Gates for the event open at 5:30 p.m., and the show will be opened by Buffalo Commons.

In 2020, Bush was inducted into the International Bluegrass Music Hall of Fame for his time in the band New Grass Revival, which helped to spur on a new generation of progressive bluegrass.

Bush talked with Explore Steamboat to answer a few questions about his music career and inspirations.

Explore Steamboat: How did you get into music originally?

Sam Bush: I grew up in a household where music was part of our life. My mother and father were music fans, particularly country music fans, and my dad loved fiddle playing more than anything. And my mom played the guitar. My dad played the fiddle and the mandolin a little bit.

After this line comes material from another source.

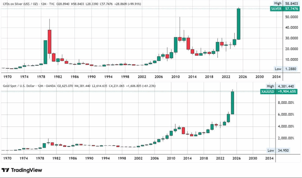 Dù vàng gây ấn tượng với mức tăng gần 95% trong hơn 21 tháng, thì bạc lại tăng gấp đôi chỉ trong 12 tháng. Hiệu suất vượt trội này có thể sớm thu hút dòng tiền chuyển từ vàng sang bạc, tạo hiệu ứng “tự khuếch đại” cho đà tăng trong thời gian tới.

We grew up on a farm, and so music was encouraged in our house. Two of my older sisters had started singing and one played guitar, and they both sang. And so this was in the early ’60s. And they started doing duet versions of Peter, Paul and Mary songs.

Then I started playing mandolin at age 11, and within a year, they had to take their little brother along with them or they couldn’t leave the farm. Imagine being a teenage girl and you got to drag your little brother along.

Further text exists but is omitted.